Radiato-Magneto-Thermal Winds from an Accretion Disk

Abstract

We examine a hydrodynamical wind, which emanates from an accretion disk and is driven by thermal, magnetic, and radiation pressures, under a one-dimensional approximation along supposed streamlines. The disk gas is assumed to be isothermal, the magnetic field has only a toroidal component, and the radiation field is evaluated along the streamline. Such a disk wind is characterized by an isothermal sound speed, the Alfvén speed at the footpoint, and the strength of radiation fields.
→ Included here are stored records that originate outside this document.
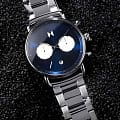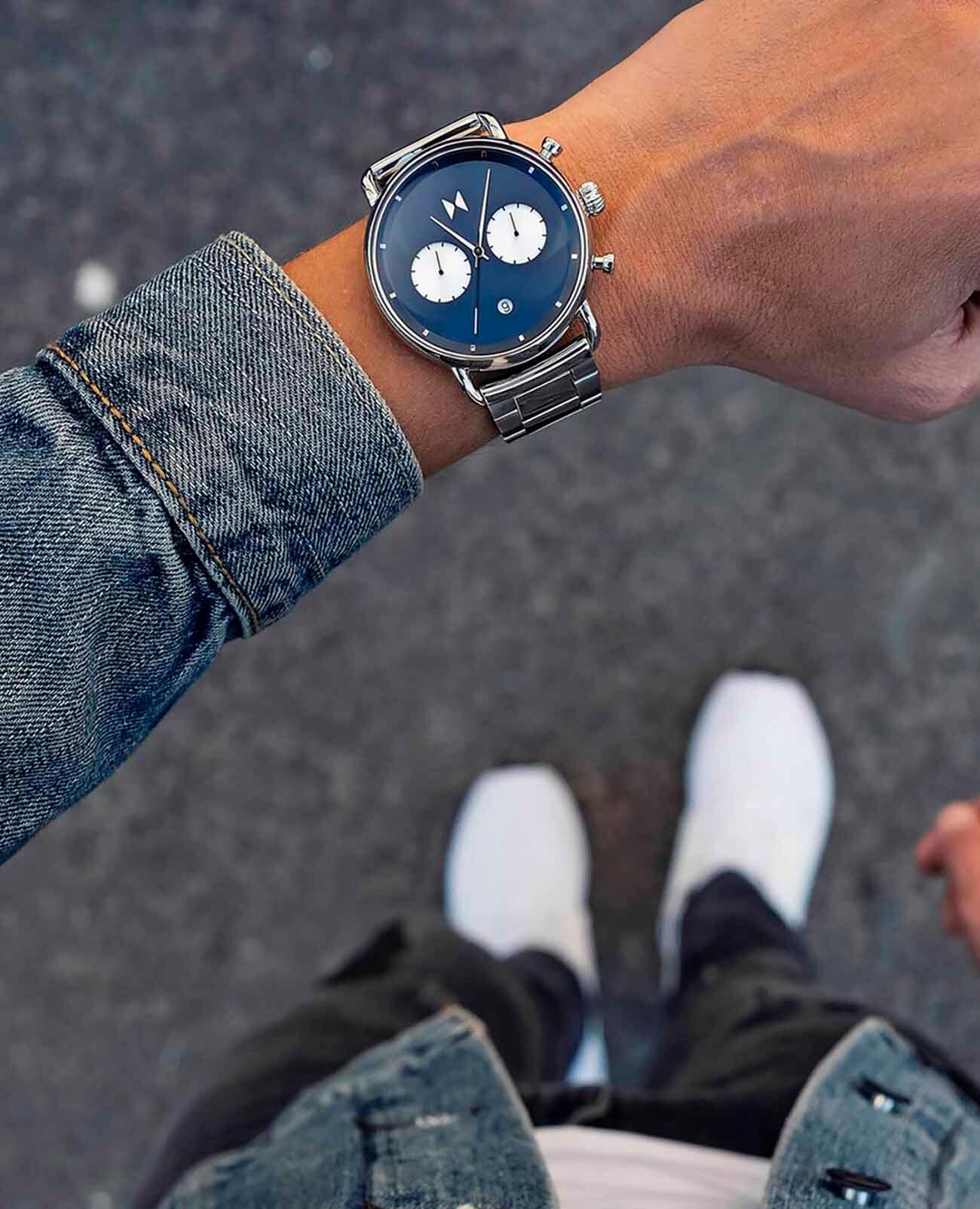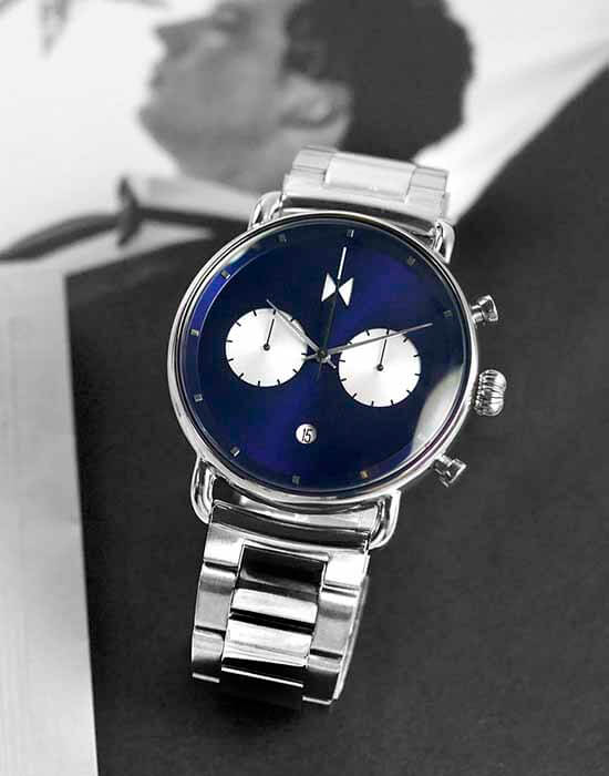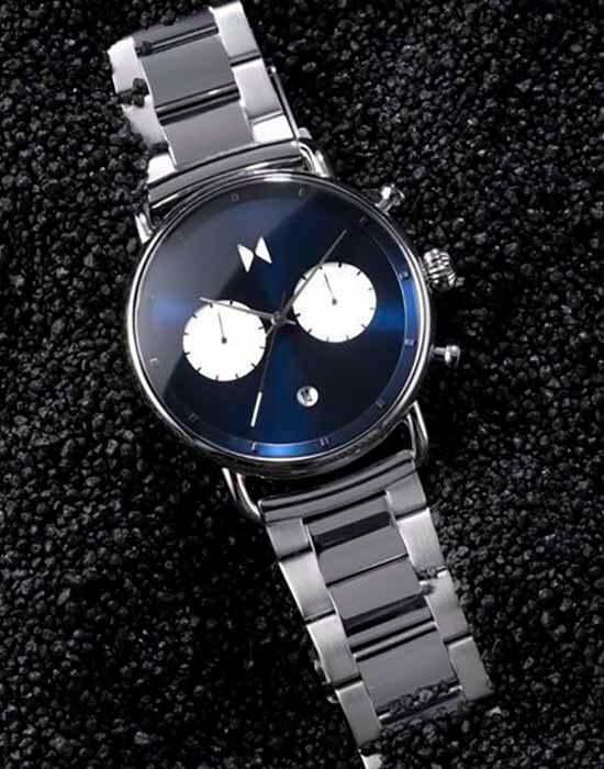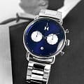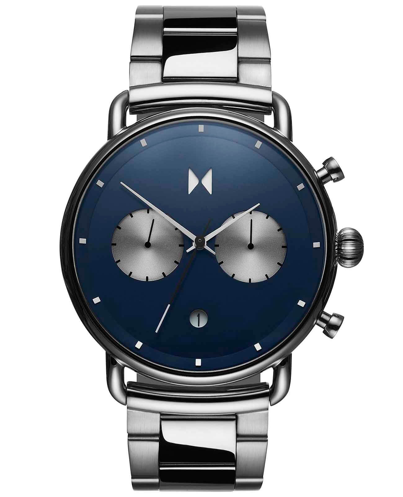 Мужские кварцевые часы-хронографХронографФункция позволяет измерять отрезки времени с особой точностью: часы, минуты, секунды. Верным признаком хронографа является наличие на циферблате 3 дополнительных окошек-счётчиков. с секундомеромСекундомерСекундоме́р — прибор, способный измерять интервалы времени с точностью до долей секунды. MVMT D-BT01-BLUS – лаконичная красота и изысканная элегантность. Оригинальная модель с классическим оформлением станет превосходным завершением образа, наделив его индивидуальным характером. Корпус выполнен из нержавеющей стали серебристого цвета, диаметром 47 мм и толщиной 13,5 мм, что обеспечивает долговечность и надежность. Закаленное минеральное стеклоМинеральное стеклоМинеральное стекло представляет собой искусственно выращенный минерал кварца. Такое стекло отличается особой устойчивостью к повреждениям и царапинам. Уступает по некоторым качествам сапфировому стеклу. защищает циферблат от царапин. Стальной браслет на раскладной застёжке с фиксаторомРаскладная застёжкаТакой тип застёжки используется только на браслетах из металла. Она никогда не раскрывается полностью, происходит разделение на 2 и более частей. Раскладывающая застёжка снизит вероятность потери часов к минимуму. обеспечивает комфортное ношение. Водозащита 100 метров позволит плавать, нырять и заниматься другими водными видами спорта. Рифленая заводная головка с защитой. Это аксессуар для мужчины, который ценит классический стиль и функциональность.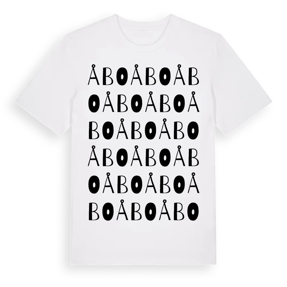 Åbo ordlek t-shirt är inspirerad av Åbo i Östergötlands län, Sverige. Tröjan är designad för dig som har en speciell koppling till platsen – oavsett om du bor här, har rötterna här eller bara älskar Åbo.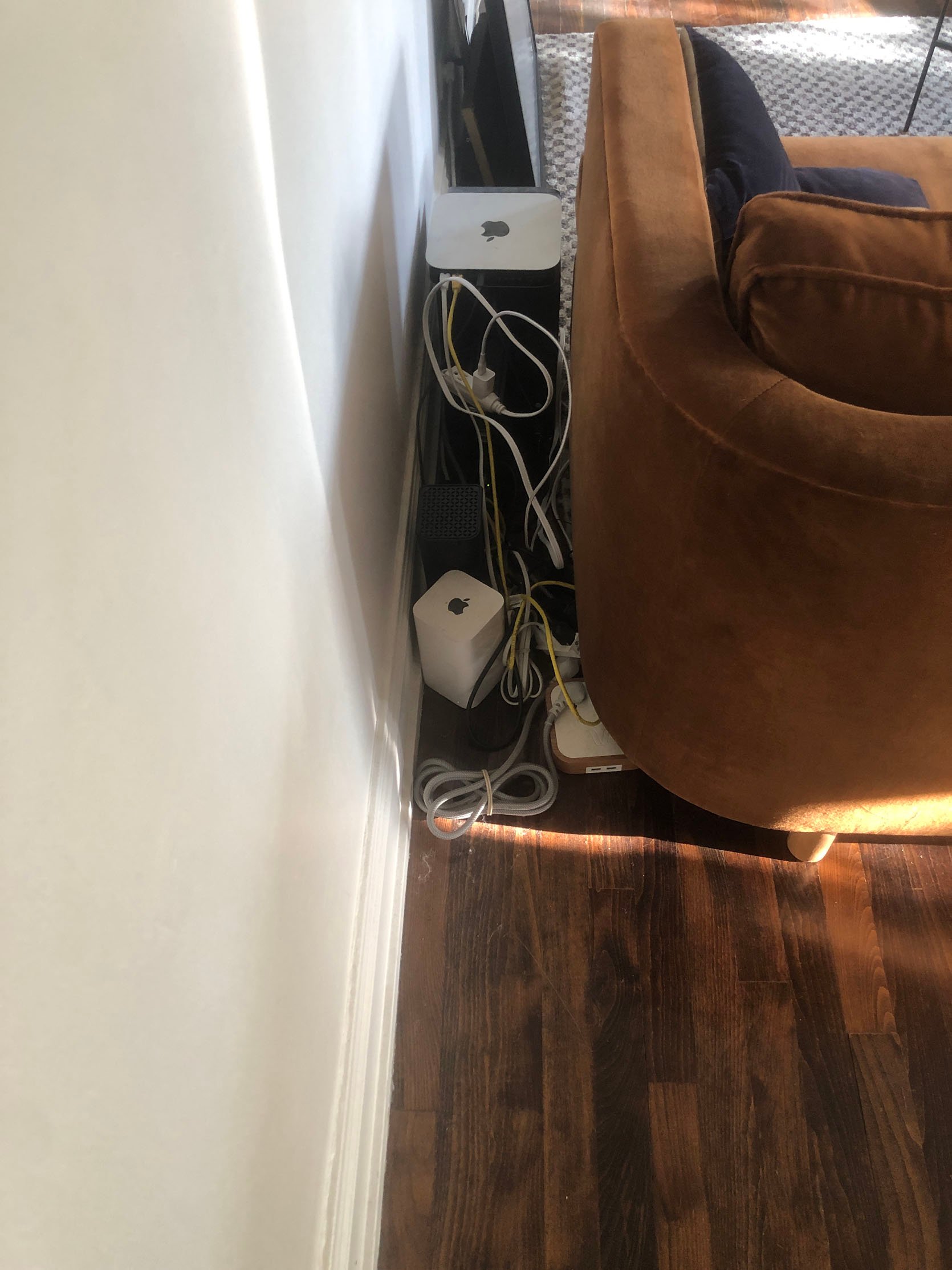 My main reason for the bench was to hide all of these unsightly electronics. I won’t bore you with the whole saga (like me realizing that after the bench was done, I FORGOT to consider that the internet access cable was on the opposite side of the room. Cool, cool, cool.) Don’t worry, there’s a happy ending.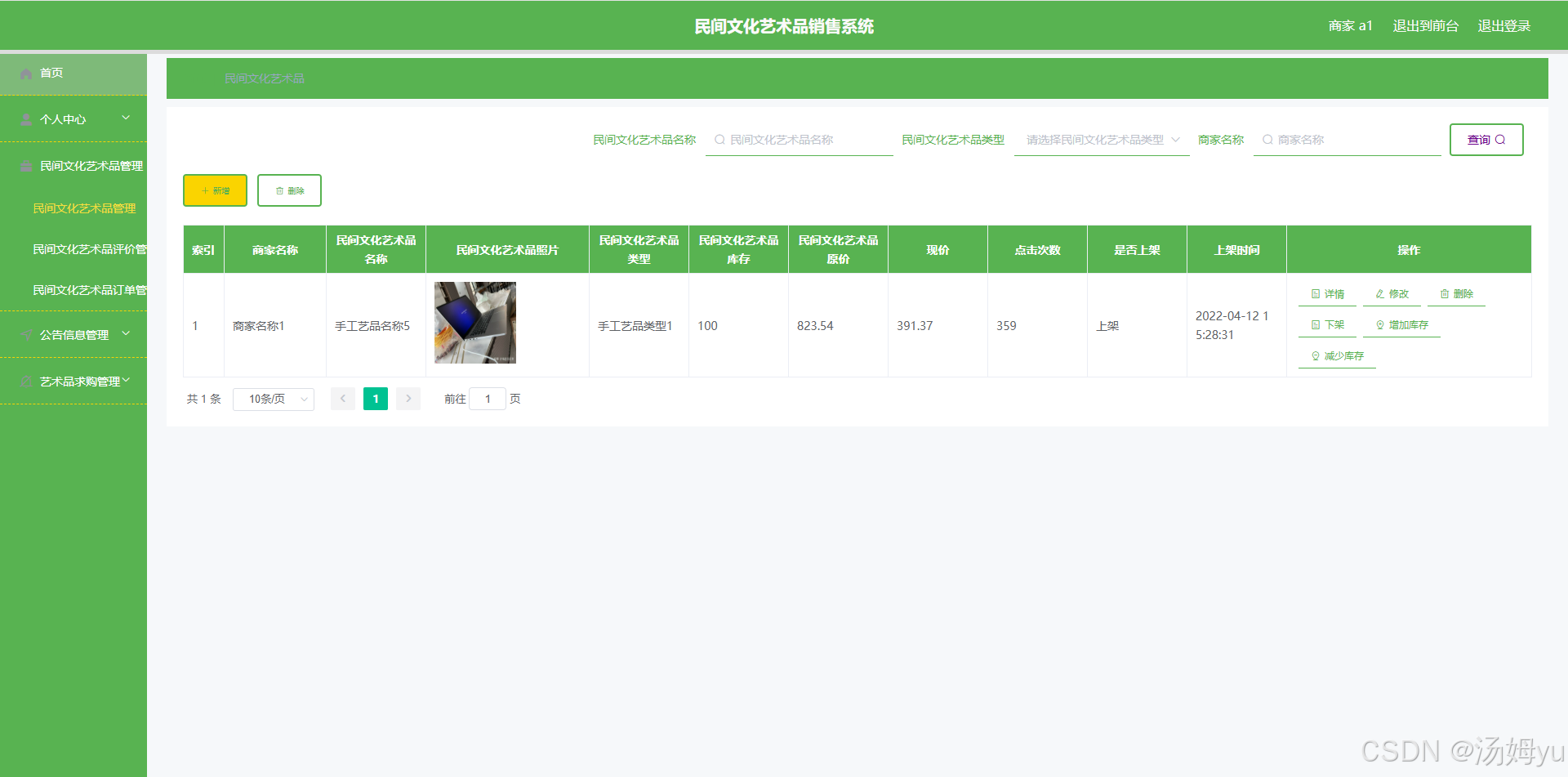 民间文化艺术品销售系统的研究主要聚焦在需求分析以及技术设计这两个关键的核心方面。在需求分析这个阶段,系统得好好地去调研市场的实际情况,要清清楚楚地明确用户对于艺术品进行浏览、购买、评价还有个性化推荐等诸多方面的需求,并且还得保证系统能够对艺术品的相关信息实现完整的展示以及高效的管理。从技术设计这个层面来讲,会选用Spring Boot框架来搭建系统,借助它所具备的诸如快速开发、内置容器以及自动配置等一系列的优势,以此来让开发流程变得更加简便,进而提升系统的稳定性以及可维护性哦。系统架构方面采用的是微服务设计模式,这样做是便于在后续的时候能够更加方便地进行扩展与升级操作。经过一系列的设计与实现工作之后,这个系统是要为用户给予一种一站式的民间文化艺术品销售方面的服务。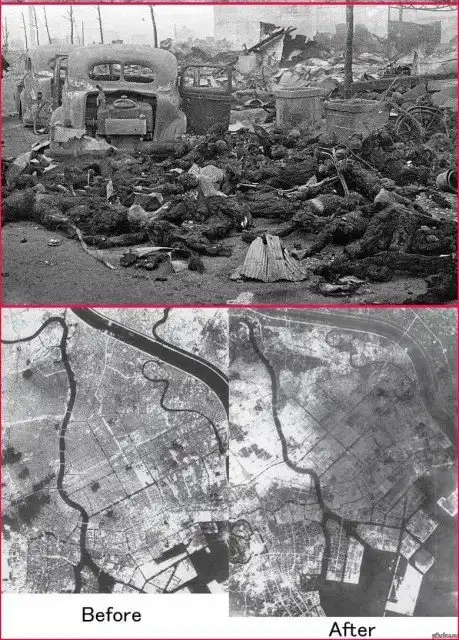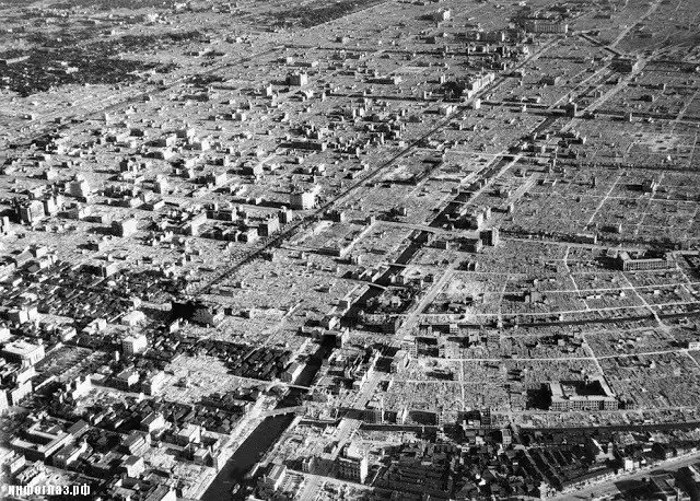 Всего тогда в 1945 выгорел 41 квадратный километр площади города, который населяло около 10 миллионов человек, было разрушено 40% всего жилого фонда (330 тысяч домов).

Isothermal winds can always blow even in the cold less-luminous case, and transonic winds are established, except for the perfectly cold case without thermal pressure. Beyond some critical luminosity, disk winds are always supersonic, irrespective of the thermal and magnetic pressures. We found that the terminal speed $v_\infty$ is roughly expressed as $(1/2) v_\infty^2 = (1/2) v_0^2-(1/2) (GM/ r_0) + 10.5 a_\mathrm{T}^2 + 0.7 a_\mathrm{A0}^2 + 16 \Gamma_\mathrm{eff} (GM/r_0),$ where $v_0$ is the initial velocity, $M$ the mass of the central object, $r_0$ the radius of the wind base on the disk, $a_\mathrm{T}$ the isothermal sound speed, $a_\mathrm{A0}$ the initial Alfvén speed, and $\Gamma_\mathrm{eff}$ the effective normalized luminosity, although the coefficients depend on the configuration of the streamlines.